*** Opening RECORDS FOR THIS EXERCISE ***

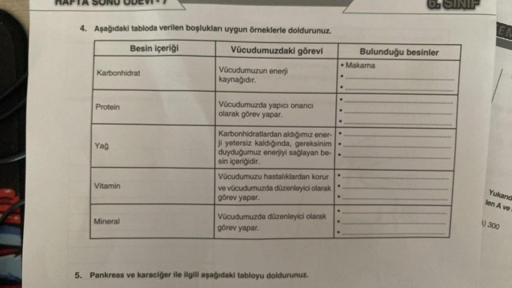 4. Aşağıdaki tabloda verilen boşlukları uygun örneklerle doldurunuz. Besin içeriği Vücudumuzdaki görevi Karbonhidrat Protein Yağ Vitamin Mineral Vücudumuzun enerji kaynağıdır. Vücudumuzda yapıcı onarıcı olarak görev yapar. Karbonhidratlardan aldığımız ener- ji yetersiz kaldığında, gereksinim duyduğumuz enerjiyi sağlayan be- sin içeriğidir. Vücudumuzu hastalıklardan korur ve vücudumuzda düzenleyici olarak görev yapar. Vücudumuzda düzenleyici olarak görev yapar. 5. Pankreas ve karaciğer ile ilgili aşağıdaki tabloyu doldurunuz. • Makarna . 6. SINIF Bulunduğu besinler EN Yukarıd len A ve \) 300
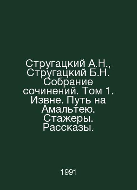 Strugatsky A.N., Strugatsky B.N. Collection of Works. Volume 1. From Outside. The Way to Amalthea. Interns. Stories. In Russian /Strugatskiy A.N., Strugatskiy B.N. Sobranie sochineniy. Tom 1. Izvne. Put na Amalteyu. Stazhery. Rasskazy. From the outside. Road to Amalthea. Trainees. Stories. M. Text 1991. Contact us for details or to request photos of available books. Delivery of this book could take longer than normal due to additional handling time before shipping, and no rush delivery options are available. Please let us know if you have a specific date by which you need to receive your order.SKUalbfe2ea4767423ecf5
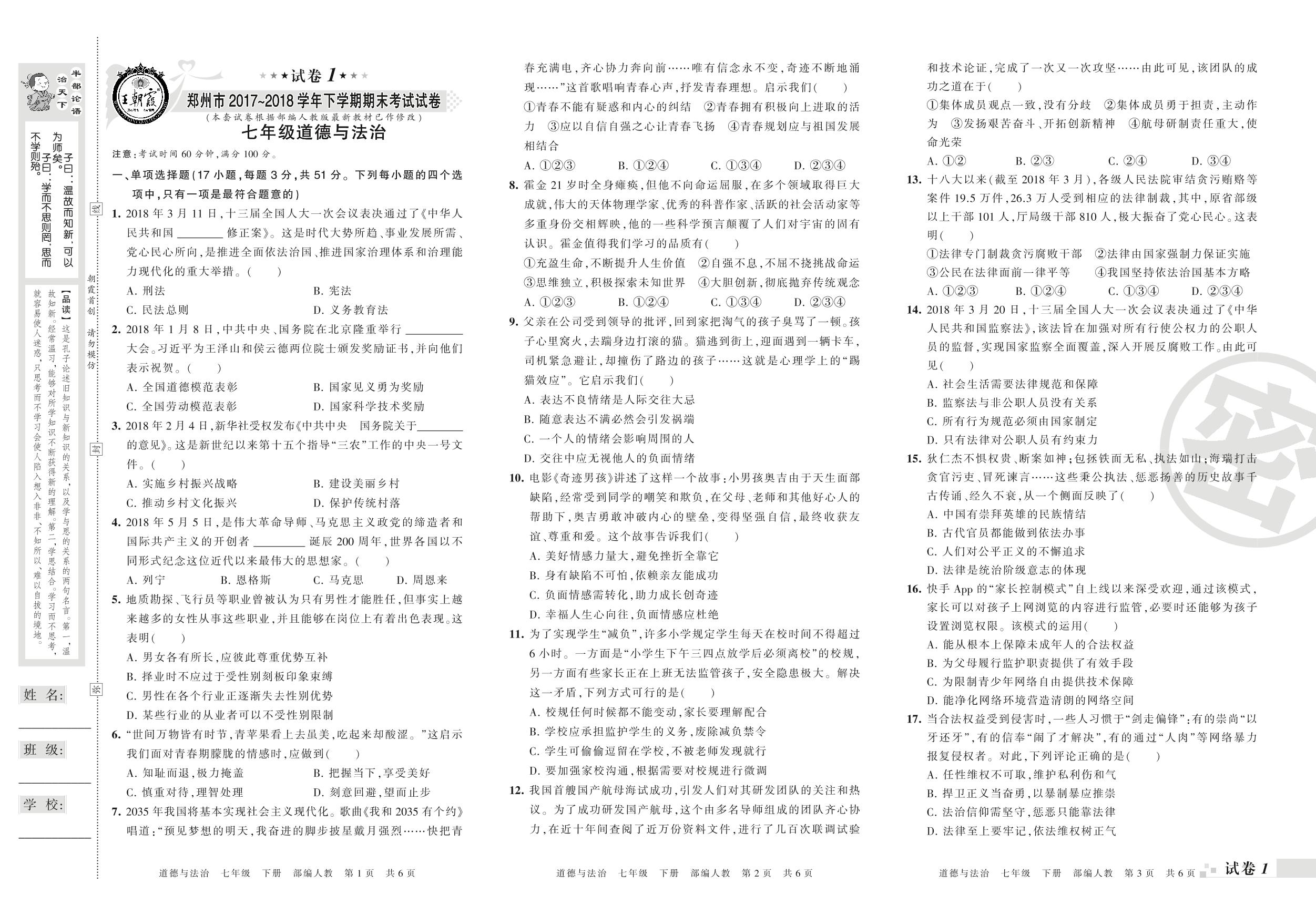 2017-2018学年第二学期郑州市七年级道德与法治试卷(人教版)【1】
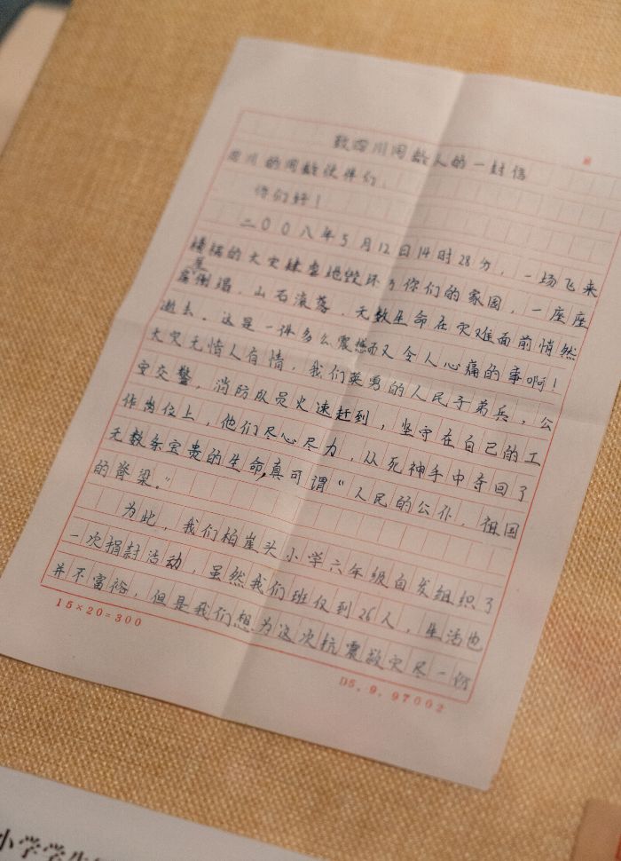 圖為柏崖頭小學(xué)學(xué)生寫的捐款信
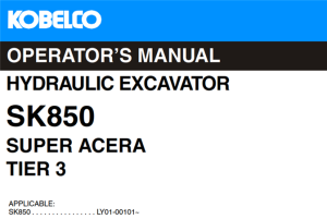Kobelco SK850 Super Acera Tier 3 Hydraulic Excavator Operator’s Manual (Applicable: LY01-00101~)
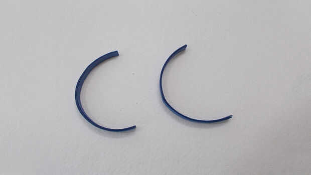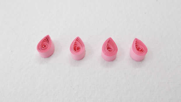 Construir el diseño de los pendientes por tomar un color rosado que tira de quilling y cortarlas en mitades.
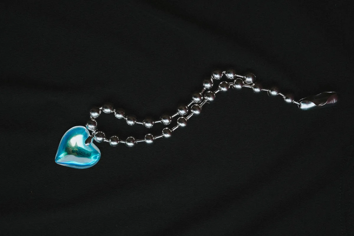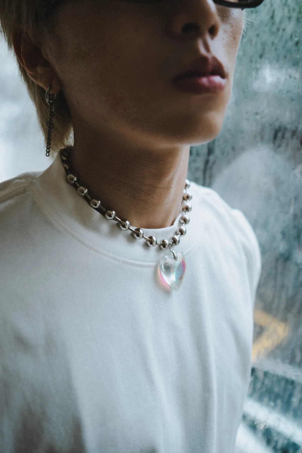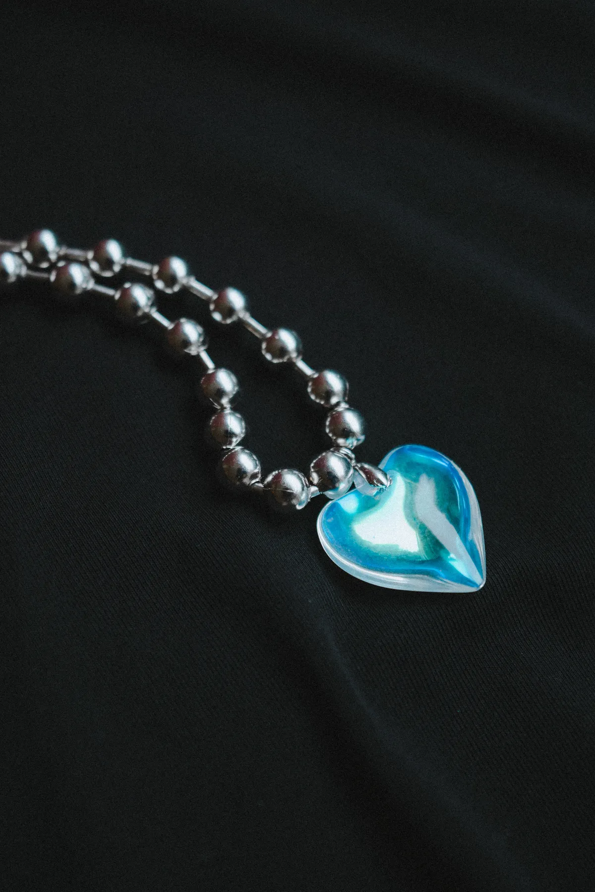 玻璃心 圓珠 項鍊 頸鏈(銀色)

*** Closing RECORDS FOR THIS EXERCISE ***
*** Opening RECORDS FOR THIS EXERCISE ***

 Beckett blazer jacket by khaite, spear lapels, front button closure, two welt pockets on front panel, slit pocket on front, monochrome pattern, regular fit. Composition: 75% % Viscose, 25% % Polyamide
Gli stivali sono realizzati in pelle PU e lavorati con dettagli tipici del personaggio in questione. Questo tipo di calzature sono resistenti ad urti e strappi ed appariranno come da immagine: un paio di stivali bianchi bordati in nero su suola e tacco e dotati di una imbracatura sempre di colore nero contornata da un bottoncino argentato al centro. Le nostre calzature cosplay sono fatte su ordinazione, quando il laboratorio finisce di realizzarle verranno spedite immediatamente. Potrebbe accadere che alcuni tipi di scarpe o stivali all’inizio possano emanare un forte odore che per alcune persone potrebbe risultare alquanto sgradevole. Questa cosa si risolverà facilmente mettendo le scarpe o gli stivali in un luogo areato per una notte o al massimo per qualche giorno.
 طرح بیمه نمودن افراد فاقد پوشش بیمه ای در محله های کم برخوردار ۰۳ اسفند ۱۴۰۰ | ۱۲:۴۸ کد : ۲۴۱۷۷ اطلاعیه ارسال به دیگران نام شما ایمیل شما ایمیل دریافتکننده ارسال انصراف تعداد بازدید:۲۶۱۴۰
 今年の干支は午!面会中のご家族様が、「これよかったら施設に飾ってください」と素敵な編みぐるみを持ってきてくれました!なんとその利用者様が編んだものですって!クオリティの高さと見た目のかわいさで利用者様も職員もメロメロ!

*** Closing RECORDS FOR THIS EXERCISE ***
*** Opening RECORDS FOR THIS EXERCISE ***

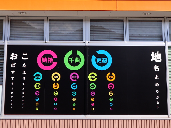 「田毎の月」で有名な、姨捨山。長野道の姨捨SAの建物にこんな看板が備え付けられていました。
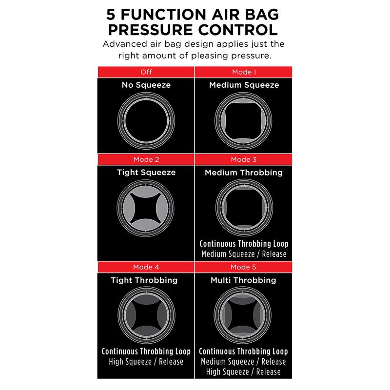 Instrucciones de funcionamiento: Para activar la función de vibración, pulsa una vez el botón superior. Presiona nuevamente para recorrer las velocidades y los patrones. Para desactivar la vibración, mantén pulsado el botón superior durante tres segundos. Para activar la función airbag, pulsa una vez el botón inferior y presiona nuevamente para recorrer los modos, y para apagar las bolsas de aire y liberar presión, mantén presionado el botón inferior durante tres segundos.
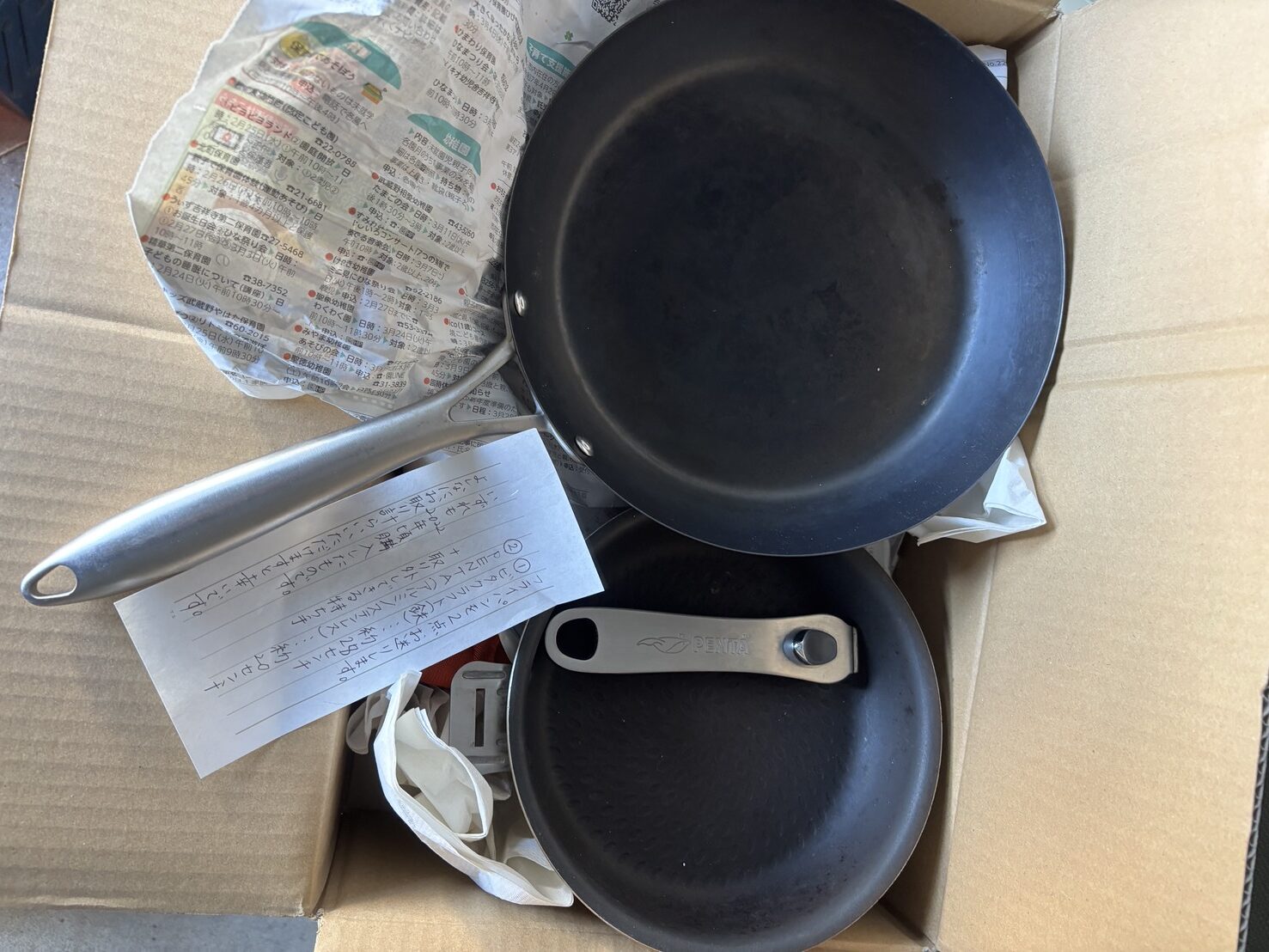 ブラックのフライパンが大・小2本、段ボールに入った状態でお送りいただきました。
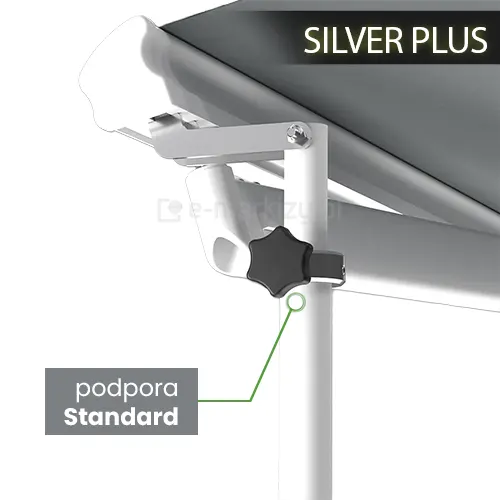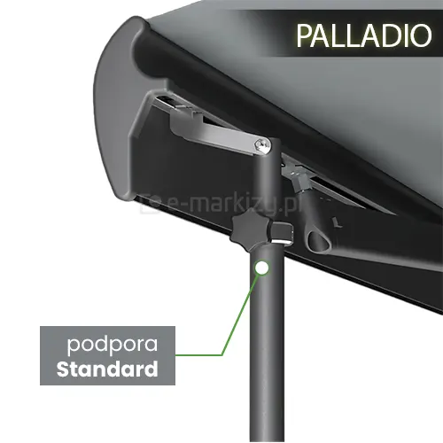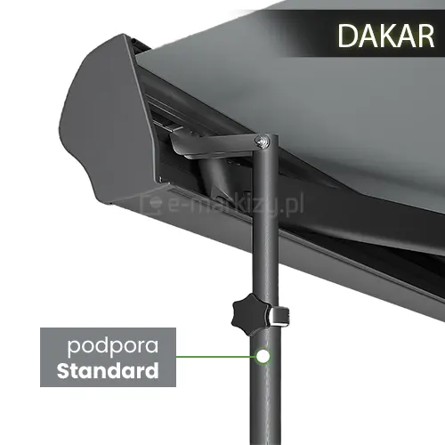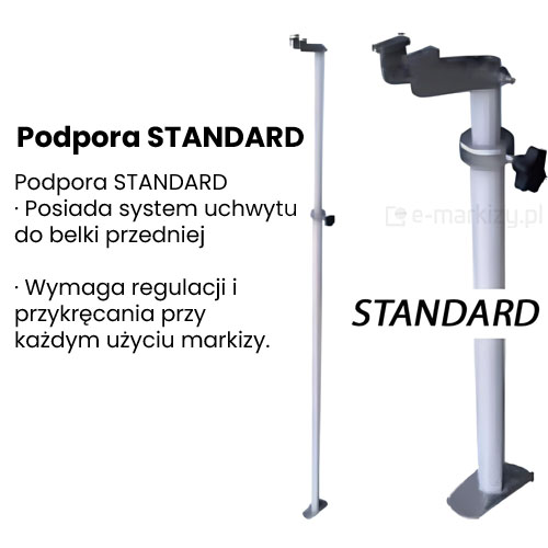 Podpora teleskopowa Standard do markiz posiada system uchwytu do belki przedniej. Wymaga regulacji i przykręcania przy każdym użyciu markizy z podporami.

*** Closing RECORDS FOR THIS EXERCISE ***

*WHAT THE EXERCISE ASKS*:
Send back an exact copy of only the lines from the line with "Beckett blazer jacket" up to and including the line with "今年の干支は午!面会中のご家" in the data above.

*RESPONSE FOR THIS EXERCISE*:
 Beckett blazer jacket by khaite, spear lapels, front button closure, two welt pockets on front panel, slit pocket on front, monochrome pattern, regular fit. Composition: 75% % Viscose, 25% % Polyamide
Gli stivali sono realizzati in pelle PU e lavorati con dettagli tipici del personaggio in questione. Questo tipo di calzature sono resistenti ad urti e strappi ed appariranno come da immagine: un paio di stivali bianchi bordati in nero su suola e tacco e dotati di una imbracatura sempre di colore nero contornata da un bottoncino argentato al centro. Le nostre calzature cosplay sono fatte su ordinazione, quando il laboratorio finisce di realizzarle verranno spedite immediatamente. Potrebbe accadere che alcuni tipi di scarpe o stivali all’inizio possano emanare un forte odore che per alcune persone potrebbe risultare alquanto sgradevole. Questa cosa si risolverà facilmente mettendo le scarpe o gli stivali in un luogo areato per una notte o al massimo per qualche giorno.
 طرح بیمه نمودن افراد فاقد پوشش بیمه ای در محله های کم برخوردار ۰۳ اسفند ۱۴۰۰ | ۱۲:۴۸ کد : ۲۴۱۷۷ اطلاعیه ارسال به دیگران نام شما ایمیل شما ایمیل دریافتکننده ارسال انصراف تعداد بازدید:۲۶۱۴۰
 今年の干支は午!面会中のご家族様が、「これよかったら施設に飾ってください」と素敵な編みぐるみを持ってきてくれました!なんとその利用者様が編んだものですって!クオリティの高さと見た目のかわいさで利用者様も職員もメロメロ!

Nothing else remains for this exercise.